◆ PROVIDED MATERIAL
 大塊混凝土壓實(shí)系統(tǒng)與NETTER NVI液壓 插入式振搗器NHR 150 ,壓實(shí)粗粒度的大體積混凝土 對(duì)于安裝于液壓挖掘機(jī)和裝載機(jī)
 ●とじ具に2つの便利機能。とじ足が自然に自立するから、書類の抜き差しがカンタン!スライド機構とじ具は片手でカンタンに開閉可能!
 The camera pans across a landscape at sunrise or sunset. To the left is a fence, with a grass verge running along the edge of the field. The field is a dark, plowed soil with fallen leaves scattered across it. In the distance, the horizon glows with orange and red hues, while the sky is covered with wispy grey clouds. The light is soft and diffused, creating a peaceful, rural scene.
...
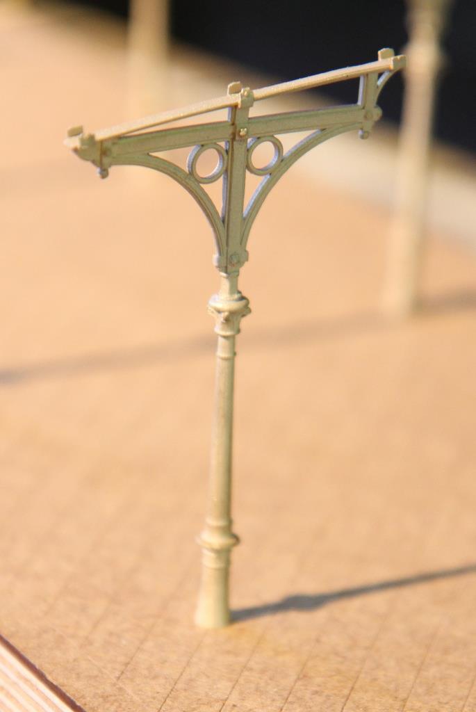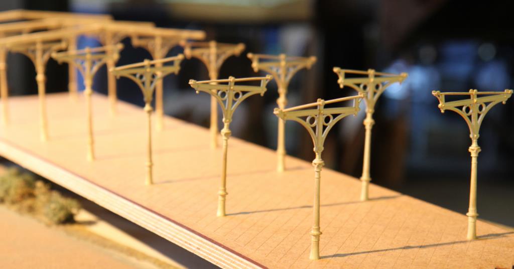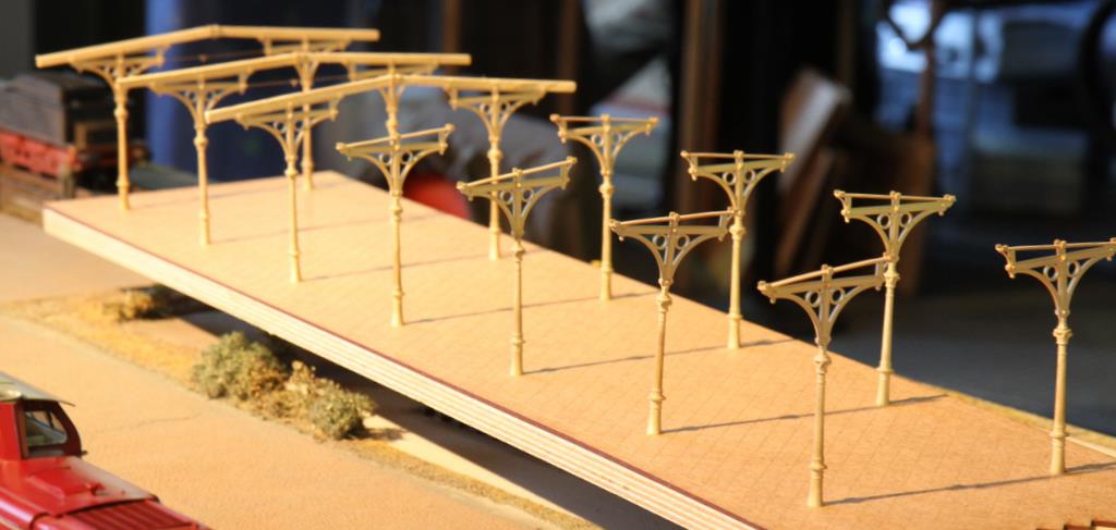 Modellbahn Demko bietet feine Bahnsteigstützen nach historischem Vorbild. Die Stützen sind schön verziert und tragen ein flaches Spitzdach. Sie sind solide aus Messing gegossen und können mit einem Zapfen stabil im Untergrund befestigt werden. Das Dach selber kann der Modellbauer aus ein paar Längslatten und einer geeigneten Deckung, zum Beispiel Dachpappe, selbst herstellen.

◆ TASK TO COMPLETE
Precisely the lines between those holding "大塊混凝土壓實(shí)系統(tǒng)與NETTER NVI液壓 插入式振搗器NHR" and "The camera pans", inclusive, are to be reproduced from the listing above, with nothing added.

◆ FINISHED EXERCISE
 大塊混凝土壓實(shí)系統(tǒng)與NETTER NVI液壓 插入式振搗器NHR 150 ,壓實(shí)粗粒度的大體積混凝土 對(duì)于安裝于液壓挖掘機(jī)和裝載機(jī)
 ●とじ具に2つの便利機能。とじ足が自然に自立するから、書類の抜き差しがカンタン!スライド機構とじ具は片手でカンタンに開閉可能!
 The camera pans across a landscape at sunrise or sunset. To the left is a fence, with a grass verge running along the edge of the field. The field is a dark, plowed soil with fallen leaves scattered across it. In the distance, the horizon glows with orange and red hues, while the sky is covered with wispy grey clouds. The light is soft and diffused, creating a peaceful, rural scene.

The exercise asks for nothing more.